Santorum Hits Health Care, Religious Freedom on Campaign Stop

GOP presidential hopeful Rick Santorum speaks at Belmont University. (photo by Stephen Jerkins)

GOP presidential hopeful Rick Santorum speaks at Belmont University. (photo by Stephen Jerkins)

After losing Michigan and Arizona, Republican presidential hopeful Rick Santorum took his campaign through what he considers more friendly territory in Tennessee. The former Pennsylvania Senator spoke at Belmont University Wednesday night.

The last minute rally resulted in an arena less than half full. Some in attendance were less than supporters as well, holding campaign signs for Mitt Romney and Ron Paul.

Santorum was booed at times when talking about President Obama’s health care overhaul, but he attempted to confront his critics in the room.

“[boos] It’s interesting the people are so willing to give up freedom in exchange for dependency.”

Santorum talked about religious freedom and health care, promising again to repeal what he calls “Obamacare.” He danced around recent controversy over contraception.

“Things are going to have to be in your insurance policy. Even if you have a religious objection to them, we’re going to force you to violate your conscience.”

Santorum received applause for saying that rights are “God-given” and not from the government.

Santorum didn’t shy away from controversial themes. His stump speech revisited statements about the gap between rich and poor.

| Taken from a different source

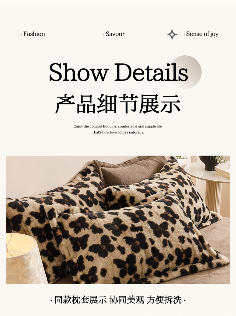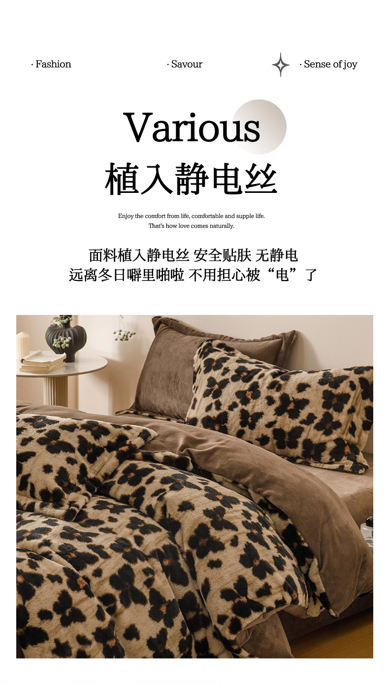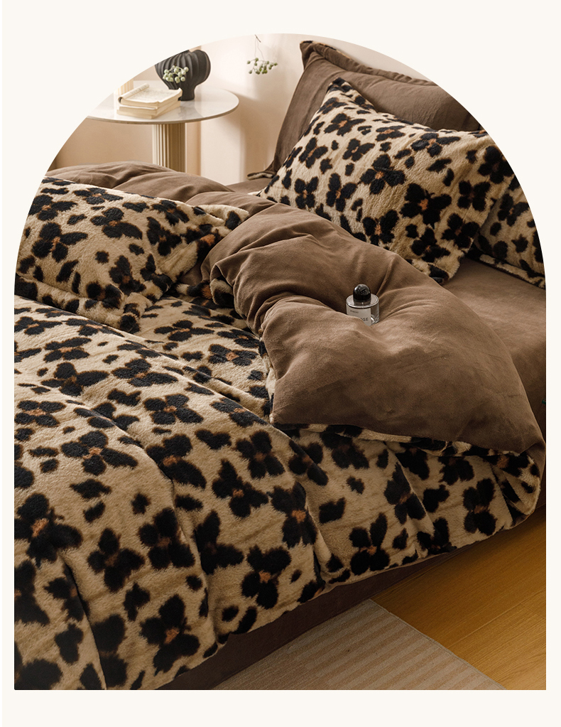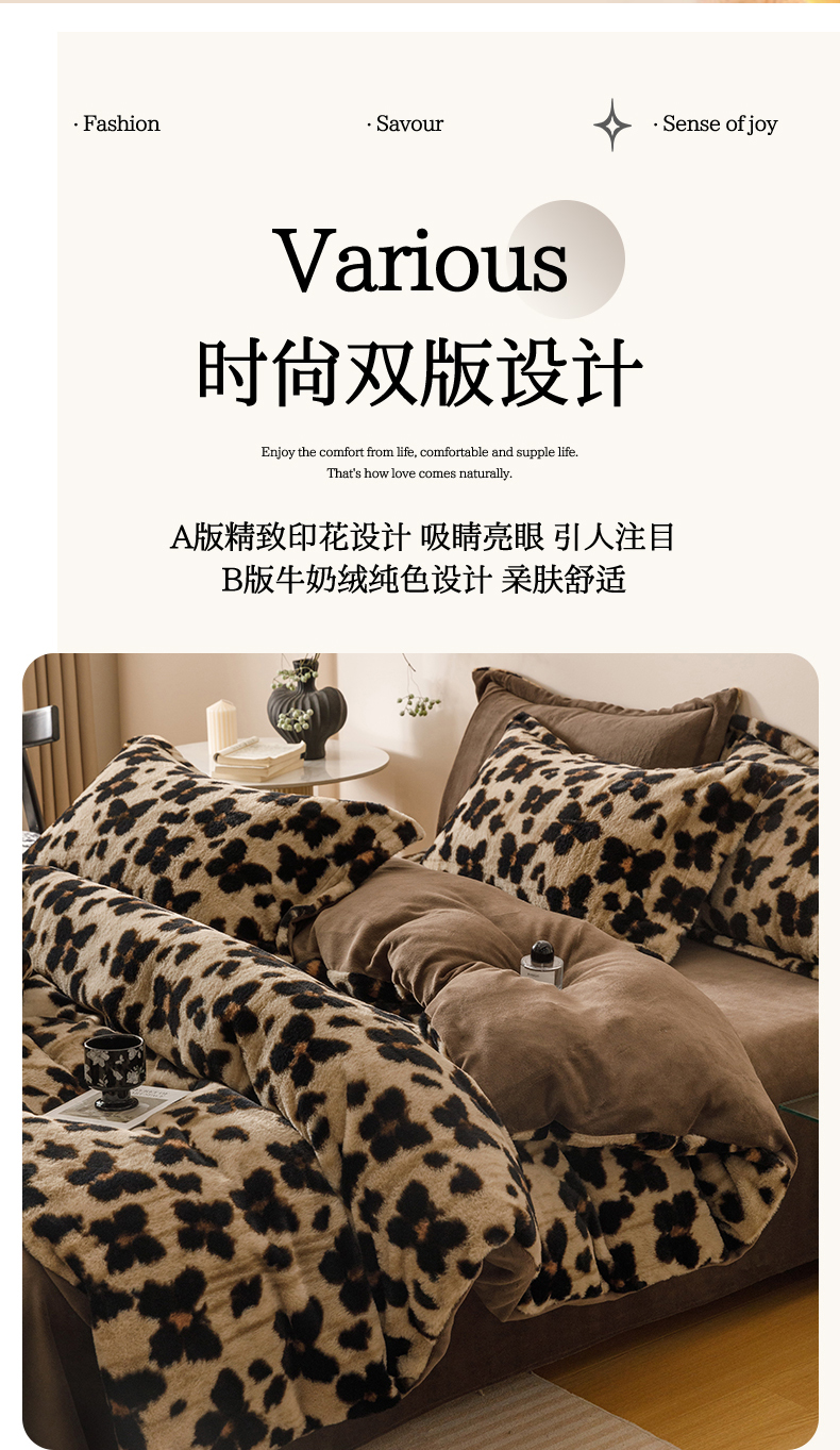 商品名称:艾莱家纺 2025新款A类美拉德系兔绒超柔保暖四件套 蝶豹-咖棕

“Look here in Nashville. There is great income inequality. Why? Because there are amazing talents in this town that soar and do great things and they are richly rewarded for it. And there are those that may work just as hard, but don’t succeed for one reason or another.”

Rally attendee Pam Chaffin of White House says she appreciates how Santorum speaks his mind, especially on social issues such as abortion.

“You have to admire someone, because it’s not politically correct, what he says sometimes, but it is right.”

Santorum’s message is resonating in Tennessee. The most recent polling shows him with a double-digit lead over Romney heading into Super Tuesday.